A chamada Indústria 4.0 é bastante mais abrangente e atua tanto nas dimensões físicas, quanto digitais e biológicas. A capacidade de promover alterações genéticas, alterando seres vivos – com todas as questões éticas que estão envolvidas – ampliam sobremaneira as possibilidades de produção industrial.

Novos materiais como o grafeno, considerado por muitos a mais importante descoberta em tecnologia das últimas décadas e sendo o Brasil o detentor da maior reserva de grafita, sua matéria prima, torna o país protagonista no fornecimento deste insumo e alvo de cobiça internacional.

As novas tecnologias são benéficas à produção e reduzem custos, em contrapartida é preciso observar e manter o controle sobre o significado desta redução de custos nas relações de trabalho, já que muitas vezes, redução de custo significa redução de pessoal.

A política industrial não pode ficar a cargo do empresariado. Tem de existir a mediação do estado para que novos processos beneficiem a maioria da sociedade ou que prejudiquem o menor número possível de trabalhadores.

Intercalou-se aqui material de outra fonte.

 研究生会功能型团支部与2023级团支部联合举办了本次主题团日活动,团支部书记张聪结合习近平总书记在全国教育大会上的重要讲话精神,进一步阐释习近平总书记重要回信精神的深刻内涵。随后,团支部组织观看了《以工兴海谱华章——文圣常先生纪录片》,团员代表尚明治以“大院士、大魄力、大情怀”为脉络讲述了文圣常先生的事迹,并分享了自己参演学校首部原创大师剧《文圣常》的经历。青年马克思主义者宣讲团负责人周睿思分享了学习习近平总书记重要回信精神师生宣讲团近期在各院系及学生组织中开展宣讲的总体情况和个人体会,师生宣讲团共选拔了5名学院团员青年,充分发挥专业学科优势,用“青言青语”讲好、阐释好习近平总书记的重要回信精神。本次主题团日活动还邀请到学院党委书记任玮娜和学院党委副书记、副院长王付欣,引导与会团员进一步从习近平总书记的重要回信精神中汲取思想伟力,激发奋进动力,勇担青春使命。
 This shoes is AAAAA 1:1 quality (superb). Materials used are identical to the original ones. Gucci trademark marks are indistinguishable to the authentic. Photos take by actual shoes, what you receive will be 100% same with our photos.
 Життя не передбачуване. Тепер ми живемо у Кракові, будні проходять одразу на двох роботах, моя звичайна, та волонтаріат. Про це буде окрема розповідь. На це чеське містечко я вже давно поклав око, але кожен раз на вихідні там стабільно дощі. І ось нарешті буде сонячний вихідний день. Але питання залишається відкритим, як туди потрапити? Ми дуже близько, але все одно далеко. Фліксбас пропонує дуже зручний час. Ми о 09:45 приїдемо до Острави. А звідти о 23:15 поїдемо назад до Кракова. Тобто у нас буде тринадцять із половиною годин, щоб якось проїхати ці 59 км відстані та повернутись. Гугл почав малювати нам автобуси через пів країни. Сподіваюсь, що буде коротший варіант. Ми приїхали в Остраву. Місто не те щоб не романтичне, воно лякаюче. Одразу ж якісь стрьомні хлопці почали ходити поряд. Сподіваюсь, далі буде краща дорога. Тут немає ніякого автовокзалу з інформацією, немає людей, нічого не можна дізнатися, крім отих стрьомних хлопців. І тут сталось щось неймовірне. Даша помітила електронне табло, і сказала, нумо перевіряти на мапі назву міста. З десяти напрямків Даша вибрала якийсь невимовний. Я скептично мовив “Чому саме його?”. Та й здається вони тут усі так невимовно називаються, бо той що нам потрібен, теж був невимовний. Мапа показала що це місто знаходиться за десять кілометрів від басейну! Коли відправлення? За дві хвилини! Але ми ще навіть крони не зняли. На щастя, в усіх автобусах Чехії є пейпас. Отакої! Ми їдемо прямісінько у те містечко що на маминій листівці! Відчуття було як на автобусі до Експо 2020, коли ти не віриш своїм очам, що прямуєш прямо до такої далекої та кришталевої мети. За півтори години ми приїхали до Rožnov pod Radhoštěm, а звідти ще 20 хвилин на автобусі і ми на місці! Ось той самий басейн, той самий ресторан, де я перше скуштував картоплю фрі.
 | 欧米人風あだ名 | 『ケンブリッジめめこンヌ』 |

Com exemplo, a reforma trabalhista que regulamentou o trabalho temporário, reflete uma das características da quarta revolução industrial que é a formação de “trabalhadores em nuvem” que, afastados das relações tradicionais de emprego, formam um exército de mão-de-obra com flexibilidade do trabalho. A também chamada “nuvem humana” não passa de um grupo de trabalhadores sem vínculos, exploráveis, que recebem apenas pelas horas trabalhadas e sem garantias como auxílio-doença ou desconto para previdência.

A OTB - Ordem dos Trabalhadores do Brasil está atenta a este movimento que pode terminar na expropriação dos direitos trabalhistas e que não é exclusividade brasileira. Segundo o DIEESE, desde 2008 foram feitas 642 mudanças trabalhistas em 110 países com objetivo de flexibilizar contratações e jornadas com objetivo de reduzir o custo do trabalho. O governo eleito sinalizou disposição para com propostas deste teor, inclusive aprofundamento da reforma trabalhista de Temer.

A atividade sindical nunca foi tão importante quanto neste momento e é preciso união na defesa dos trabalhadores.